== Exercise ==
Copy the lines below exactly. No picture goes into the copy.

== Collected data ==

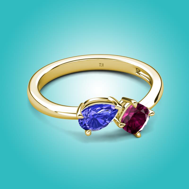 1.37 ctw Tanzanite Pear Shape 7x5 mm & Rhodolite Garnet Cushion Shape 5.00 mm with Prong setting Two Stone Duo Women Engagement Ring in 18K Yellow Gold More Details ...
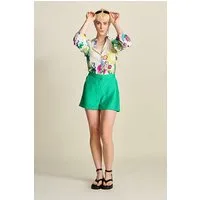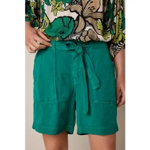 Summum Woman Loose Fit Shorts Flowy Linen Tencel Tropical Green
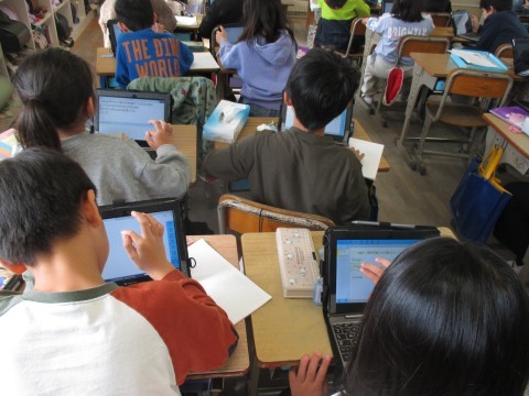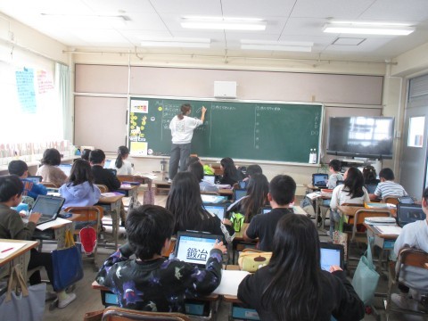 自分のタブレットを使って調べたことを,たくさん発表していました。

== Answer area ==
 1.37 ctw Tanzanite Pear Shape 7x5 mm & Rhodolite Garnet Cushion Shape 5.00 mm with Prong setting Two Stone Duo Women Engagement Ring in 18K Yellow Gold More Details ...
 Summum Woman Loose Fit Shorts Flowy Linen Tencel Tropical Green
 自分のタブレットを使って調べたことを,たくさん発表していました。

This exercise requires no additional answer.